● **Task instructions**
Set the records down again, exactly, without their images.

● **Material to process**

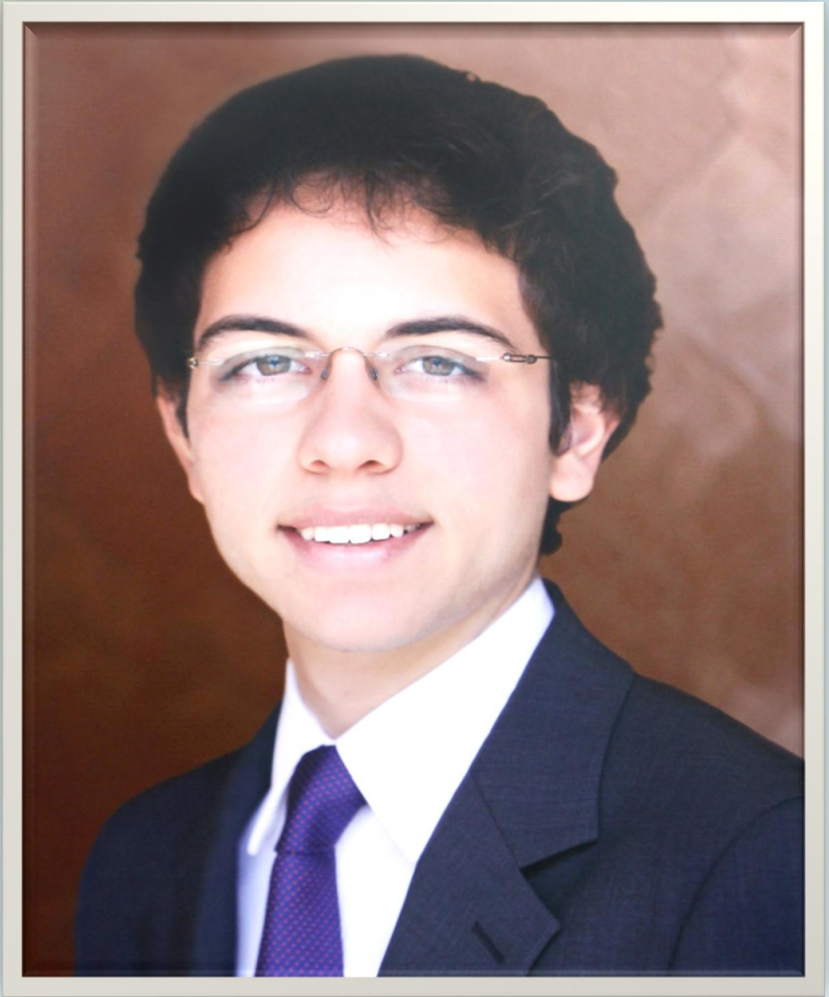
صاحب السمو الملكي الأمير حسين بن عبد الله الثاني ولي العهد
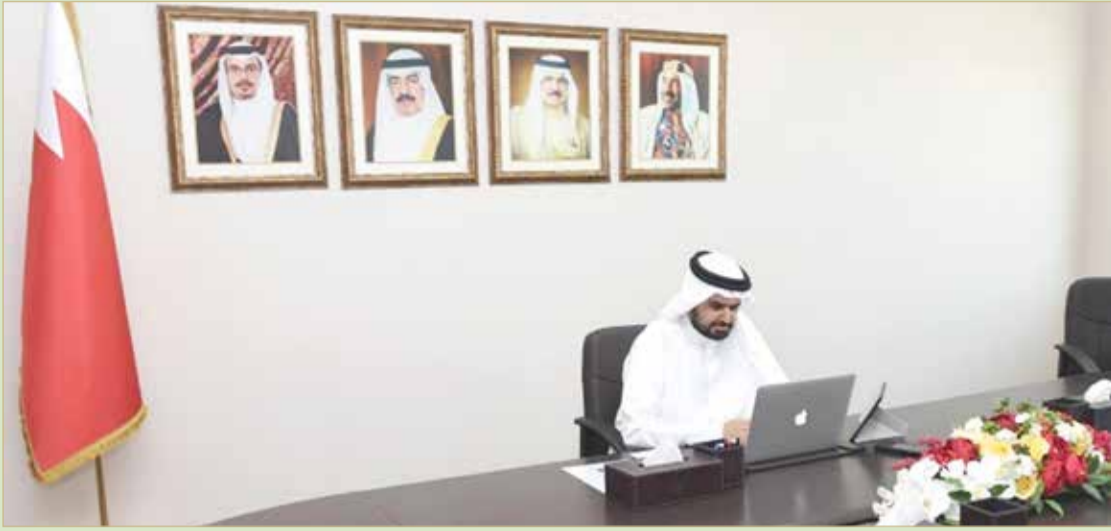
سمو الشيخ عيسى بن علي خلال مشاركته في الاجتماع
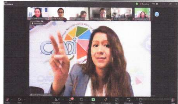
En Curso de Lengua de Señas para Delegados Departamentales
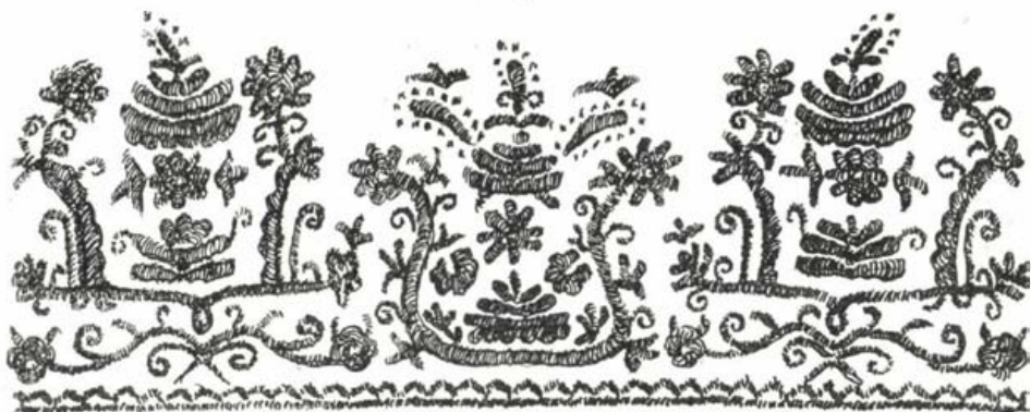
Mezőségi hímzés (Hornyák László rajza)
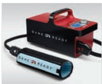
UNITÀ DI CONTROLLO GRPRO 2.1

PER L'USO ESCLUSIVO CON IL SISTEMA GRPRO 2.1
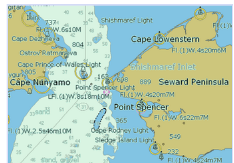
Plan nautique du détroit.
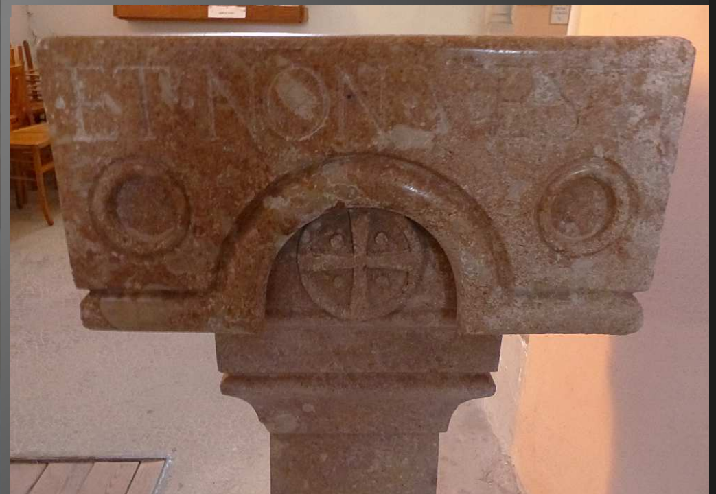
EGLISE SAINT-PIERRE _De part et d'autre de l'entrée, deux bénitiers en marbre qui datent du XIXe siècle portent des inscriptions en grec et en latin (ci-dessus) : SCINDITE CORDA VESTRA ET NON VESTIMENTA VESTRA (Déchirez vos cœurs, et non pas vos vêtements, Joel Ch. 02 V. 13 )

● **Task output**
صاحب السمو الملكي الأمير حسين بن عبد الله الثاني ولي العهد
سمو الشيخ عيسى بن علي خلال مشاركته في الاجتماع
En Curso de Lengua de Señas para Delegados Departamentales
Mezőségi hímzés (Hornyák László rajza)
UNITÀ DI CONTROLLO GRPRO 2.1

PER L'USO ESCLUSIVO CON IL SISTEMA GRPRO 2.1
Plan nautique du détroit.
EGLISE SAINT-PIERRE _De part et d'autre de l'entrée, deux bénitiers en marbre qui datent du XIXe siècle portent des inscriptions en grec et en latin (ci-dessus) : SCINDITE CORDA VESTRA ET NON VESTIMENTA VESTRA (Déchirez vos cœurs, et non pas vos vêtements, Joel Ch. 02 V. 13 )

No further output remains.